7.02.2015

Time-wasting: Guaranteed and PatenTED

Spotted on the library book shop's giveaway shelves—


Actually, I spotted it months ago: back when Morning Huddle was held daily, its script cobbled together by someone with all too many dates to fill. At the time, I felt quite relieved to know Patton was unlikely to be among the current crop of management consultants whose wisdom would be cribbed to produce daily scripts.

On the other hand, a mere one-minute sounds much better than the present routine. Now that it's Weekly Huddle, the boss expects a full week's padding to be stuffed into the pointless gathering.

Well, his agenda is what he hinted at last week: Simone Legree's group huddles for an hour, "to exchange information and discuss problems"... Now we must compete with them. Therefore, we were told any kind of presentation will do ("It doesn't have to be about work; it could be something you're interested in...")

After he dropped these hints, his assistant (helped by someone marginally more plugged into management lingo) planned today's festivities: subjecting the group to a TED Talk.

Cruel and unusual huddling, I call it.
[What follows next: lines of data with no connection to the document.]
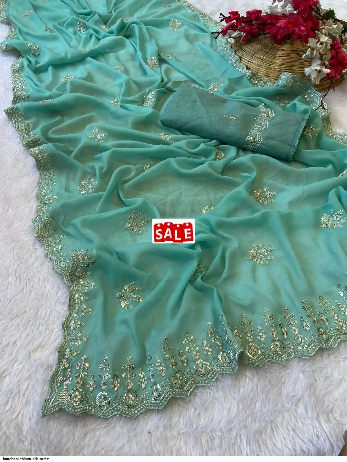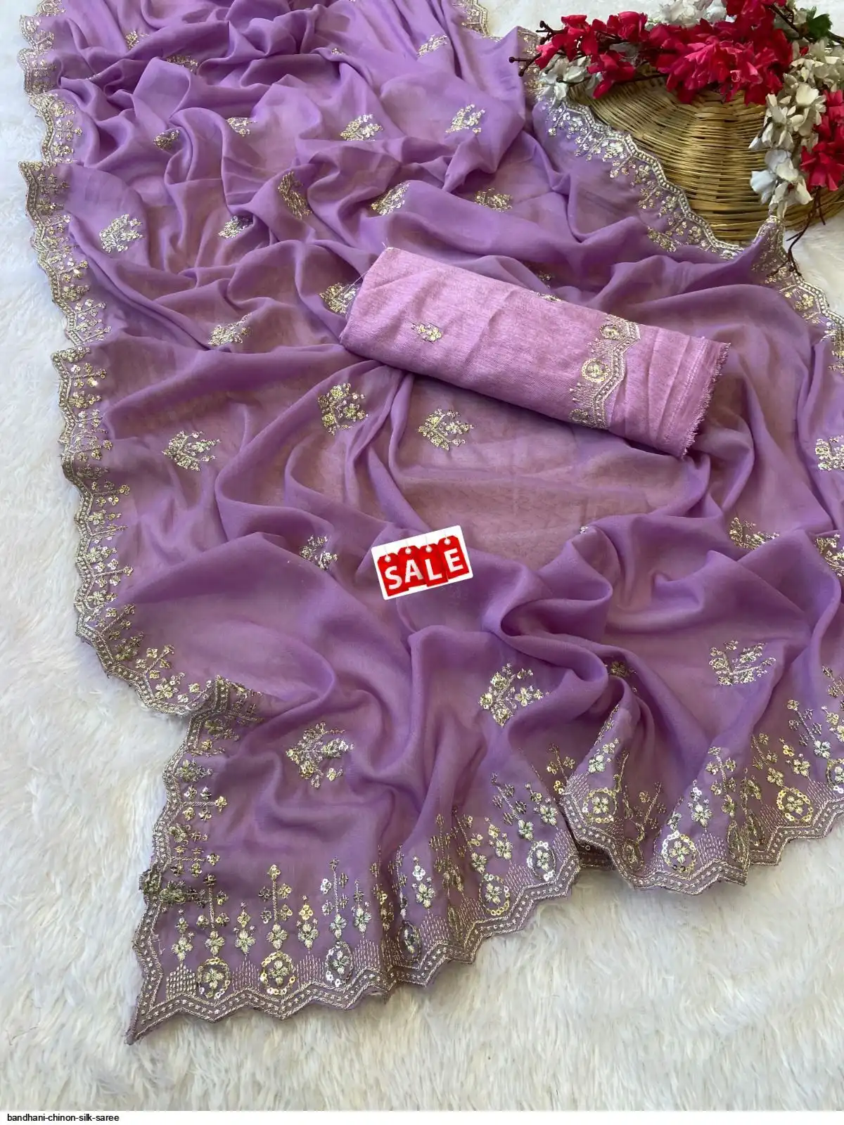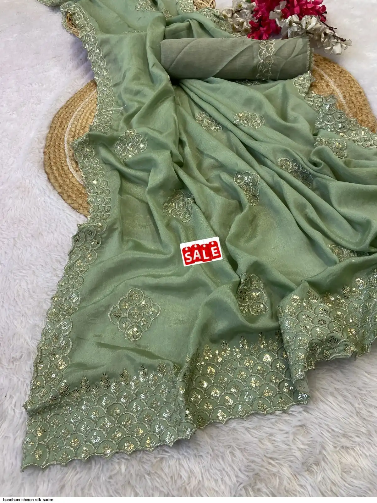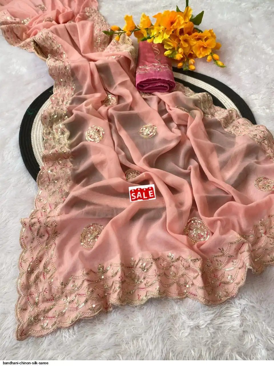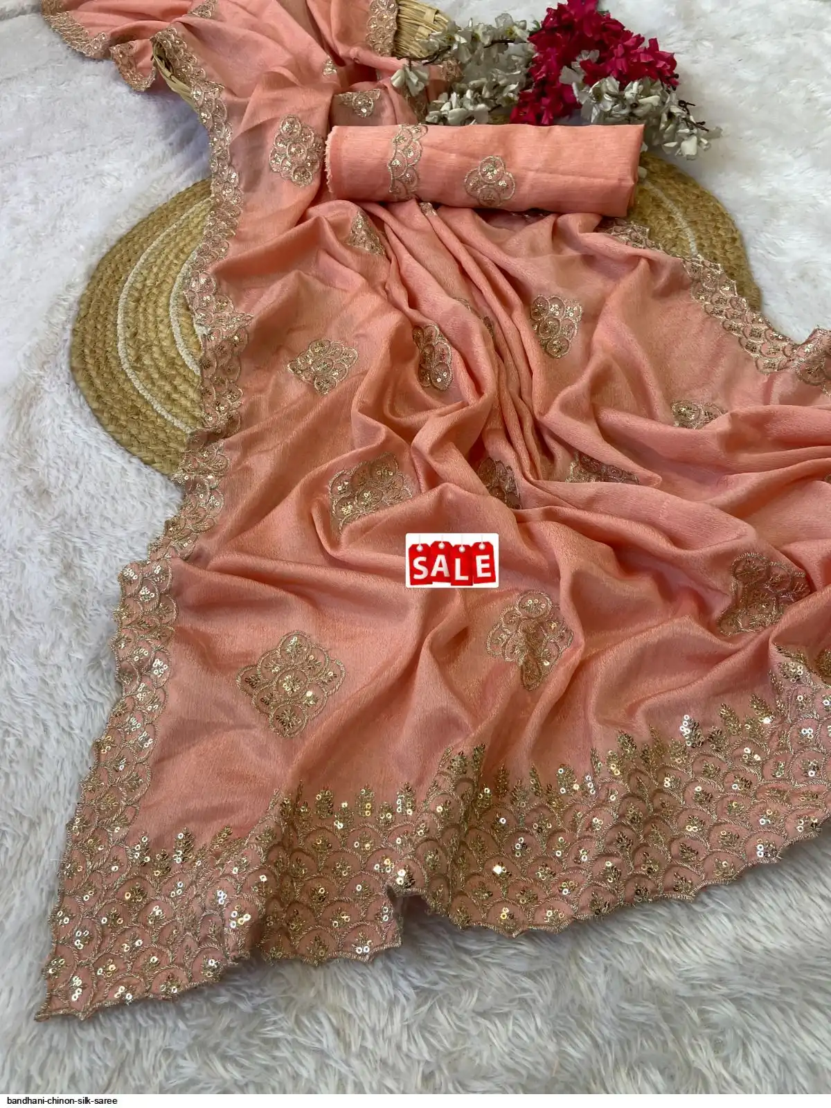 SAREE FABRIC CHINON SILK STAR GEORGETTE AND GEORGETTE BANDHANI PRINT ALL DESIGN HEAVY MULTI AND SEQUANCE C PALLU WORK DONE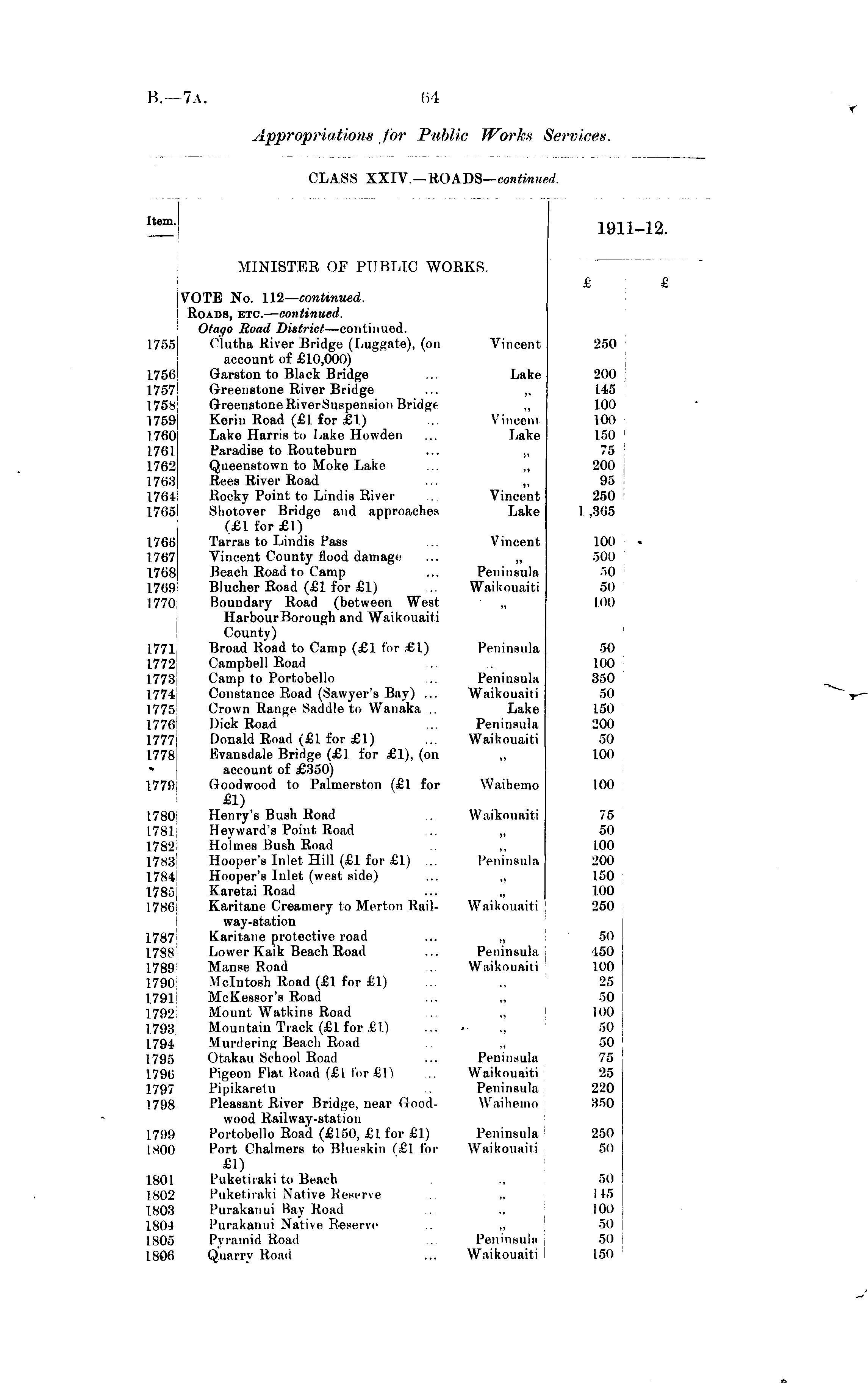tern. item. 1911-12. MINISTER OF PUBLIC WORKS. £ £ 1755 1756 1757 1758; 17591 1760 1761 1762 1763! 1764 1765 1766J 17671 1768! 1769 1770 1755 1756 1757 175s 1759] 1760 1761 1762 1768! 1764 1765 1766' 17671 1768! 1769 1770 1771 1772 L778 17741 1775 1776 ! 1777: 177S 177!) 1780 1781 1782 17«3 1784 1785 1786; 1787 1788 1789 1790 1791 1792 1793! 1794 1795 1796 1797 1798 1799 1S00 1801 1802 1803 180 J ISO") ISOli :l [j VOTE No. 112— continued. Roads, etc. — continued. Otago Road District —continued. Clutha River Bridge (Luggate), (on Vincent account of £10,000) Garston to Black Bridge ... Lake Greenstone River Bridge ... „ Greenstone RiverSuspension Bridge ,, Kerin Road (£1 for £1) ... Vincent Lake Harris to Lake Howden ... Lake Paradise to Routeburn ... ., Queenstown to Moke Lake ... „ Rees River Road ... ,, Rocky Point to Lindis River ... Vincent Shotover Bridge and approaches Lake (£1 for£l) Tarras to Lindis Pass ... Vincent Vincent County flood damage ... n Beach Road to Camp ... Peninsula Blucher Road (£1 for £1) ... Waikouaiti Boundary Road (between West „ HarbourBorough and Waikouaiti County) Broad Road to Camp (£1 for £1) Peninsula Campbell Road Camp to Portobello ... Peninsula Constance Road (Sawyer's Bay) ... Waikouaiti Crown Range Saddle to Wanaka ... Lake Dick Road .. Peninsula Donald Road (£1 for £1) ... Waikouaiti Rvansdale Bridge (£] for £1), (on account of £350) Goodwood to Palmerston (£1 for Waihemo £1) Henry's Bush Road ... Waikouaiti Hey ward's Point Road .. ,, Holmes Bush Road .. ,, Hooper's Inlet Hill (£1 for £1) ... Peninsula Hooper's Inlet (west side) ... „ Karetai Road ... „ Karitane Creamery to Merton Rail- Waikouaiti way-station Karitane protective road ... „ Lower Kaik Beach Road ... Peninsula Manse Road . Waikouaiti Mclntosh Road (£1 for £1) McKessor's Road ... ,, Mount Watkins Road Mountain Track (£1 for £1) ... ■ Murdering Beach Road Otakau School Road ... Peninsula Pigeon Flat Koad (£ I for £1) ... Waikouaiti Pipikaretu . Peninsula Pleasant River Bridge, near (rood- Waihemo wood Railway-station Portobello Road (£150, £1 for £1) Peninsula : Port Chalmers to Blueskin (£l for Waikouaiti £1) Puketiraki to Beafh Puketiraki Native Reserve Purakaiiui Bay Road Purakanui Native Reserve . „ Pyramid Koad ... Peninsula Quarrv Road ... Waikouaiti 250 200 J 145 100 100 150 75 200 95 250 1 ,31)5 100 • 500 50 50 100 50 100 350 50 150 200 50 100 100 75 50 100 200 150 100 250 50 450 100 25 50 100 .ID 50 75 25 220 350 250 50 r>0 I 15 100 50 50 150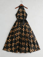 Trend4us Elegant Halter Neck Gold Floral Tie-Waist Midi Dress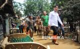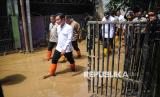 Wakil Presiden Gibran Rakabuming Raka saat meninjau lokasi yang terdampak banjir di Perumahan Pondok Gede Permai, Bekasi, Jawa Barat, Rabu (5/3/2025). Dalam kesempatan itu Wapres Gibran turut meninjau rumah warga yang terdampak banjir sekaligus menanyakan keadaan dan kondisi para warga. (FOTO : Republika/Prayogi)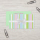 Ce joli carte de visite est parfait pour n'importe quelles affaires ou profession. Il comporte les rayures de vert, de rose, de bleu, et blanches sur l'avant. Un ruban et un arc courus par le centre. Un graphique d'une opale se repose au centre de l'arc. Le dos est un vert solide. Tout le texte est personnalisable.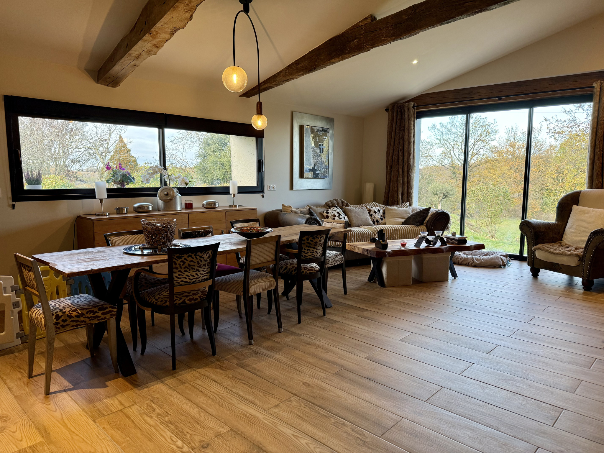 À l’extérieur, la propriété dispose d’un atelier, d’un carport, d’une piscine avec pool house et d’un parc arboré où les paysages lointains se dévoilent au fil des saisons, offrant un cadre parfait pour profiter pleinement de chaque moment de l’année.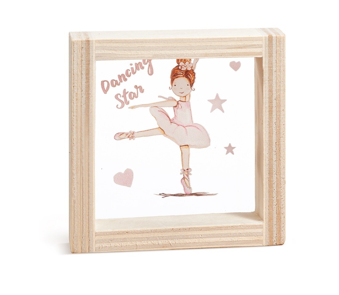Ξύλινο καδράκι με print plexiglass παράσταση.Η παράσταση απεικονίζει σε διάφανο χρώμα μπαλαρίνα ως "dancing star".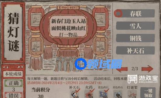 江南百景图在最近重新上线了猜灯谜的活动,玩家需要根据系统给出的灯谜题目来选择正确的答案,猜对后即可获得奖励,游戏宝小编带来江南百景图猜灯谜答案大全2024,希望可以帮助到大家。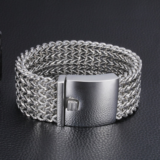 Kemstone Double Layer Chain Bracelet – 13mm Stainless Steel Punk Biker Jewelry for Men | KB91534-BD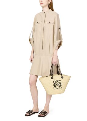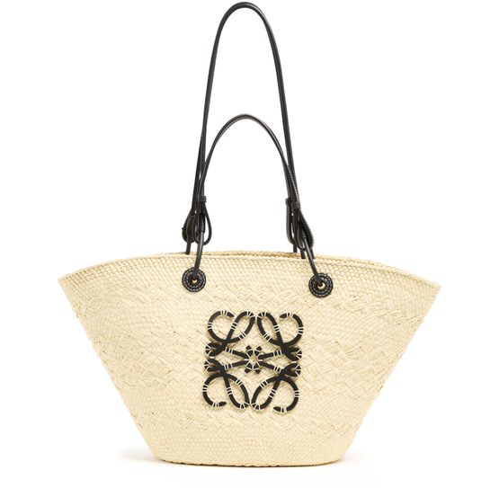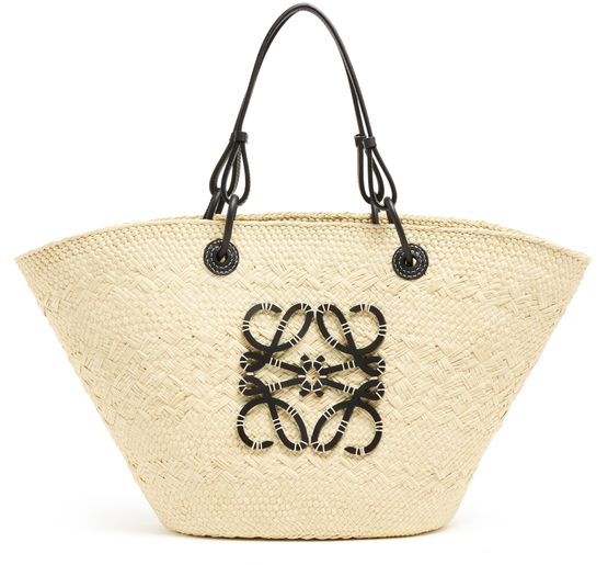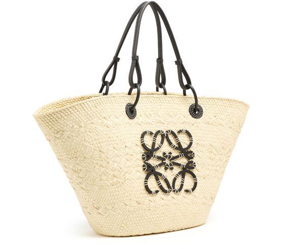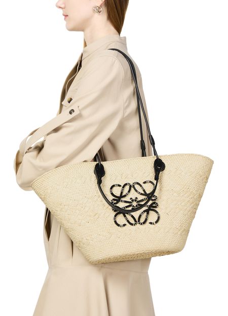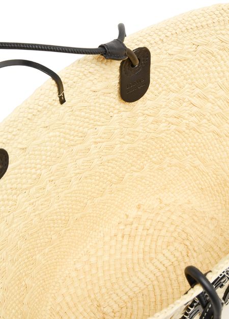 Loewe's Anagram basket is a blend of Iraca palm and calf leather, showcasing artisanal craftsmanship. It features a thin strap, double handles, and can be worn on the shoulder. The front logo adds a touch of sophistication to the simple design. The single compartment offers practicality, while the basket sizing and details may vary.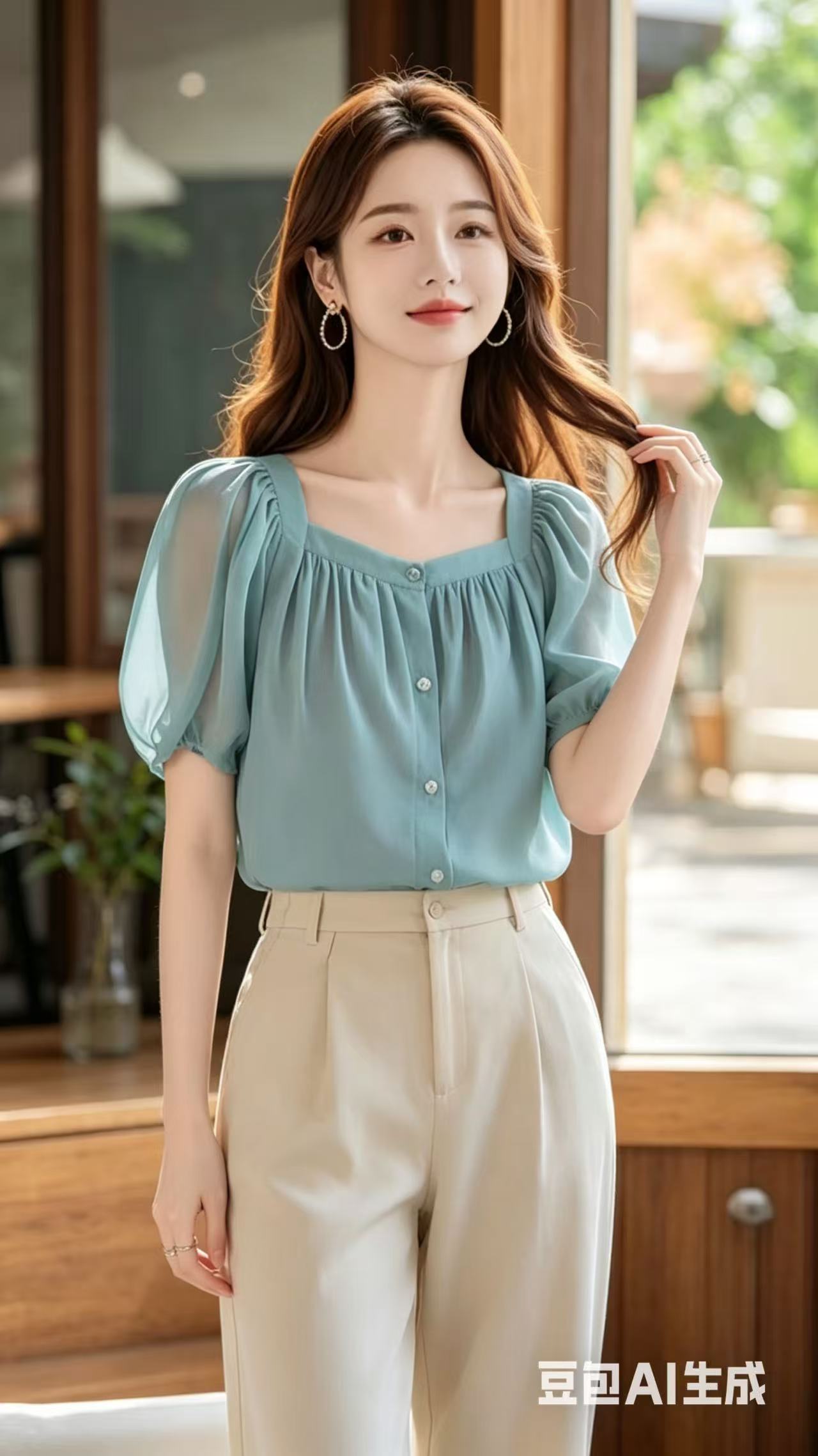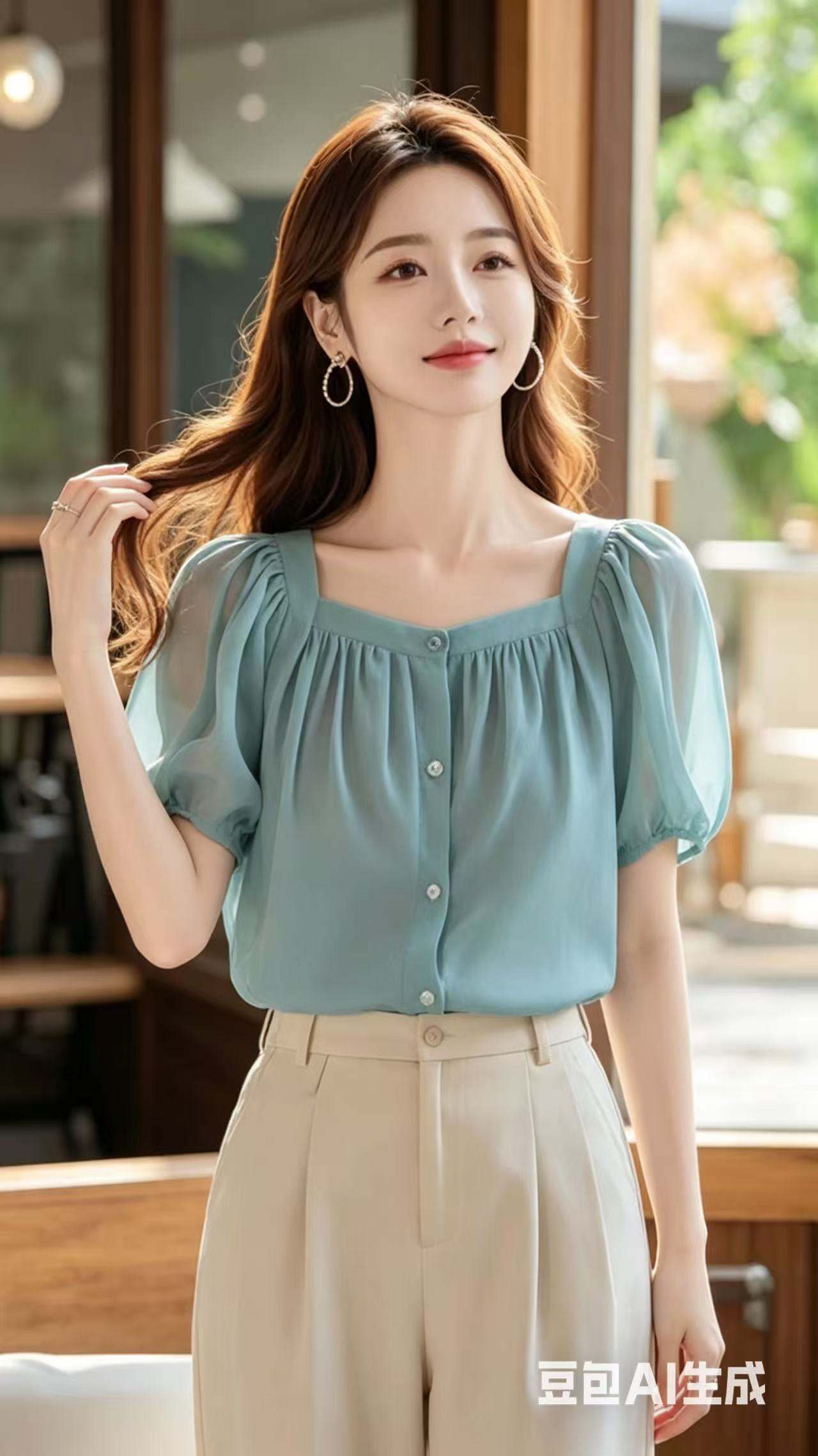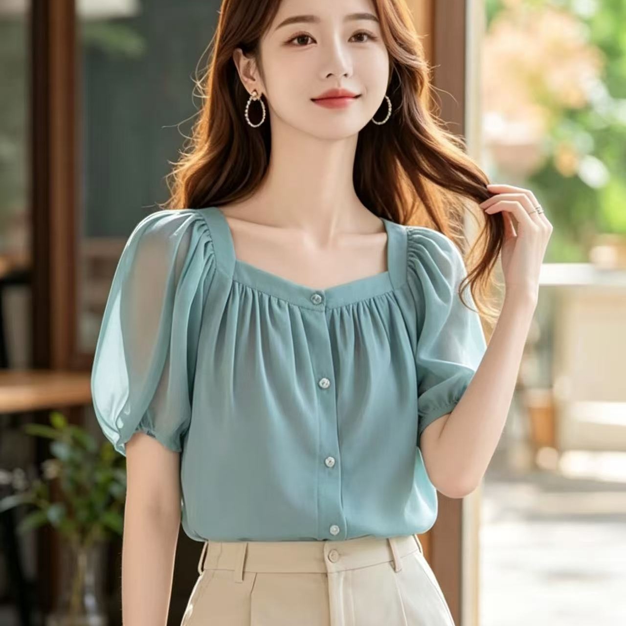 고유 한 Chic 아름다운 작은 셔츠 연령 감소 잘 생긴 ~ 중 파란색 반팔 여성 셔츠 여름 섹션 올해 인기 쉬폰 톱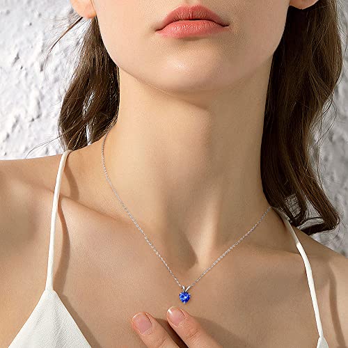• DESIGN: A stunning Heart-shape Created Sapphire(6*6mm) along a gleaming cable link chain, in this 925 Sterling Silver necklace; This light three prong wire basket is designed to showcase the rare beauty of a sparkle birthstone

The session started with ten minutes of impressive technological action: a third person's unsuccessful fumbling with the controls of a giant monitor, until the official organizers decided to give up and project the video by other means. The main event was introduced by the marginally more sophisticated of the two: "Has anyone heard of TED? It's a non-profit that sends around YouTube clips that are ...[pause for grasping] ... educational..."

It also just so happens (as she mentioned) that the faculty's LEAN taskmaster had sent this particular TED to the whole department. (Nothing says streamlining the operation as well as having your entire staff spend time this way.) Of course, this is the process by which my co-workers keep up with the latest: they snap to attention upon learning a superior is gung-ho about some lame cliché that's news to them.

This was the Talk.

The Good Leaders including a couple of Heroic CEOs, but it's mostly military who "make you feel safe."

This earlier military hero seems to have had a bit of a temper problem with some underlings. And it must have really set him off, that his men got their bad ideas from "The Jews."

It would seem he kept his promises.
Leaders do mark their territory; it seems he was, uh, manly about it. A bit different today, at least where I work.

The previous Dear Leader marked his turf this way. And my absolute favorite: instead of keeping to institutional tradition that the space remain discretely unmarked, the toilet across from the Chairman's office suddenly sprouted a sign reading, Executive Rest Room... Below that, a repeat in braille—just to be sure no uppity blind person wander in and take liberties.

The newest Dear Leader's real estate grab.

At my office-in-exile, it appears the ego of our unit's leader was adequately messaged today by TED. The payoff: he let us leave for tomorrow's holiday an hour early.